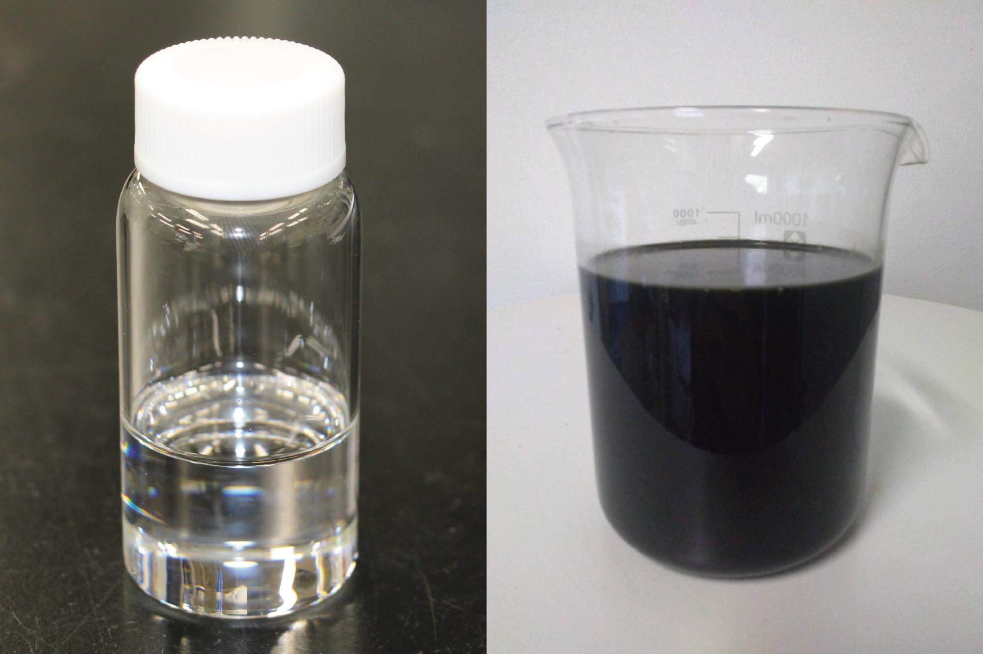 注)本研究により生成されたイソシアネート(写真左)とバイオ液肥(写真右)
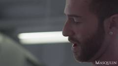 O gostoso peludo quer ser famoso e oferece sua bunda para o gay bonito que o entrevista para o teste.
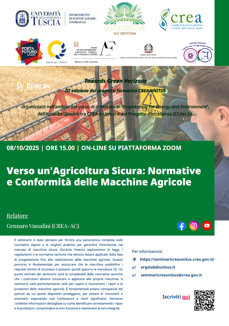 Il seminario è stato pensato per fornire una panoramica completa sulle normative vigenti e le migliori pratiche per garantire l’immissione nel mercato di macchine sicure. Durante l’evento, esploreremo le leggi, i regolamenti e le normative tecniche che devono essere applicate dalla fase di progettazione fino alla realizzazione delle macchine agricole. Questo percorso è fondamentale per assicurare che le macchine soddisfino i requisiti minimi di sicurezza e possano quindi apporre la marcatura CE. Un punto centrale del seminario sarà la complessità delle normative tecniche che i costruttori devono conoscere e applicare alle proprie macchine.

══════════════════════════════

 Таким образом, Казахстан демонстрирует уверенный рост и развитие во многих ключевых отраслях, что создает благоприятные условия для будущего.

══════════════════════════════

From the listing above, restate verbatim the lines running from the one with "O gostoso peludo" through the one with "Il seminario è", inclusive, but not the pictures.

SOLUTION TO THIS PROBLEM:
 O gostoso peludo quer ser famoso e oferece sua bunda para o gay bonito que o entrevista para o teste.
 Il seminario è stato pensato per fornire una panoramica completa sulle normative vigenti e le migliori pratiche per garantire l’immissione nel mercato di macchine sicure. Durante l’evento, esploreremo le leggi, i regolamenti e le normative tecniche che devono essere applicate dalla fase di progettazione fino alla realizzazione delle macchine agricole. Questo percorso è fondamentale per assicurare che le macchine soddisfino i requisiti minimi di sicurezza e possano quindi apporre la marcatura CE. Un punto centrale del seminario sarà la complessità delle normative tecniche che i costruttori devono conoscere e applicare alle proprie macchine.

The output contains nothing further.